Advantages would be chips falling free, ability to work on the ends/sides of large/long parts, ganging up cutters on the arbor allows multiple features to be cut at once, typically lots of rigidity & horsepower, lots of form cutters available. Lots of possibilities.

http://www.practicalmachinist.com/vb/showthread.php?p=1111025&posted=1

http://www.practicalmachinist.com/vb/showthread.php?t=173082

Mcgyver
07-24-2009, 05:41 PM
I am soooo jealous of the skid of cutters :). still searching myself...thinking of trading cutter grinding for cutters

Flip through the chapter in Moltrect or any high school text for basics, but its not that different. cutters tend to be bigger but the formulas don't change. Support things well and think about which direction the forces are applied to and how to orient the vise. for example in the below pic, I'm making a 3/4" wide slot 5/8 deep in a pass - If i had the vise the other way the work would lift at the start of cut because of the upwards force. flood coolant is imo a must. The project is more QCTP holders, made this slot in 20 pieces, that's where the chip pile came from, tool makers clamp is homemade (of course!) and is used as a vise stop

A special relationship is developing with Elliot, which i maintain can also be a girls name....for any kind of serious metal removal, a cutter unsupported one end just doesn't seem to 'cut' it anymore

http://i20.photobucket.com/albums/b201/michael0100/milling.jpg

tattoomike68
07-24-2009, 05:57 PM
I like to key large and long shafts with a horz. mill. 20 footer is no problem and you can charge 15+ minutes a foot. we also made splines, gears, worm gears and bag sealing dies with it.
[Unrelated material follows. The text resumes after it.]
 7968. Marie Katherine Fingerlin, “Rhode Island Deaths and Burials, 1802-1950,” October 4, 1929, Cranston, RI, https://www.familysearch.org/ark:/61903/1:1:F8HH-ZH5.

It has power feed and rapid traverse on all 3 axises. it sure is sweet to run.

Davek0974
07-25-2009, 03:28 AM
Thanks so far, i cant wait to get it running now.


DAve

Mark McGrath
07-26-2009, 06:22 AM
Dave,when running your horizontal cutters stick to about 50-70 fpm and a minimum of 0.002 per tooth per rev feed. i.e. 20 tooth cutter 0.002" x 20 = 0.040" per rev.This is a good starting point for HSS cutters.Obviously a bit less for fragile slitting saws etc.Coolant is essential.
A Treatise on Milling can be downloaded from here.It`s a big file.Used to be two versions,Brown & Sharpe and Cincinnati.
http://ia331437.us.archive.org/1/items/treatiseonmillin00cincrich/
Mark.

John Stevenson
07-26-2009, 06:38 AM
Dave,
As other have said but mount the cutter so the nut self tightens, I know you have a key fitted but trust me they can come loose running the wrong way.
It's also possible to get arbors with LH threads

NEVER EVER climb mill with one.

.

Mark McGrath
07-26-2009, 09:20 AM
Dave,


NEVER EVER climb mill with one.

.

John,do you mean with a left hand threaded arbor or with a horizontal mill?

Davek0974
07-26-2009, 11:52 AM
I can't see why climb milling should be out of the question, this thing has a backlash eliminator knob specifically marked "Tighten when climb milling".
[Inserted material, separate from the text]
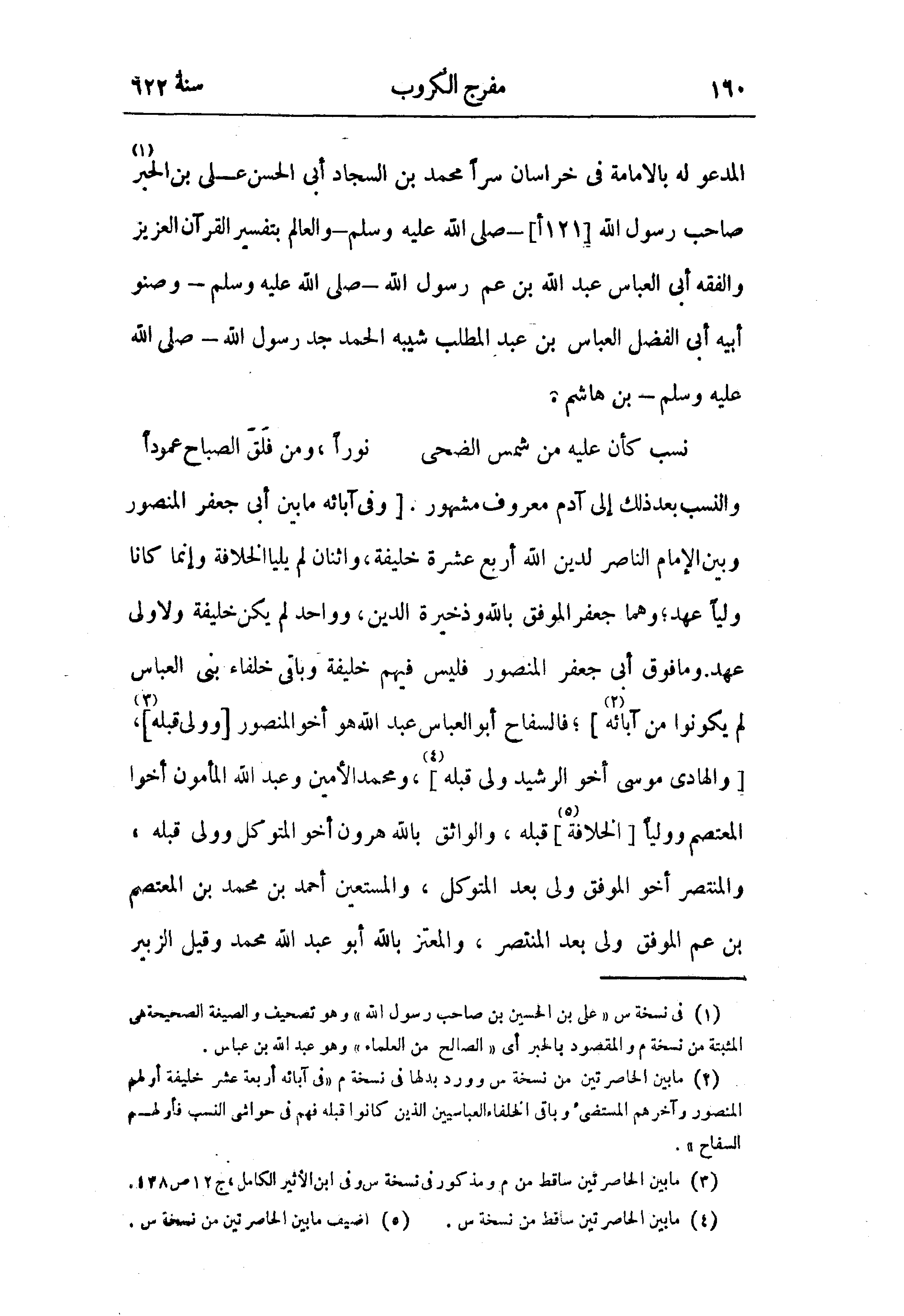 المدعو له بالامامة في خراسان سرا محمد بن السجاد أبى الحسن على بن الحبر (¬1) صاحب رسول الله [121 أ]- صلّى الله عليه وسلم - والعالم بتفسير القرآن العزيز والفقه أبى العباس عبد الله بن عم رسول الله - صلّى الله عليه وسلم - وصنو أبيه أبى الفضل العباس بن عبد المطلب شيبه الحمد جد رسول الله - صلّى الله عليه وسلم - بن هاشم.

Can the nut on the end of a 20" keyed arbor really come loose from driving torque?

This stuff's all new to me:D

Dave

Davek0974
07-27-2009, 03:14 AM
On the mill, there is a large gearbox for the table feed, the manual shows a filler plug for the oil but its not on the machine?

The oil pump and sight glass are there but i cant find the filler.

It has not been painted over as the paint is original, anyone got any ideas? Or does anyone else have an Adcock & Shipley 2E horizontal?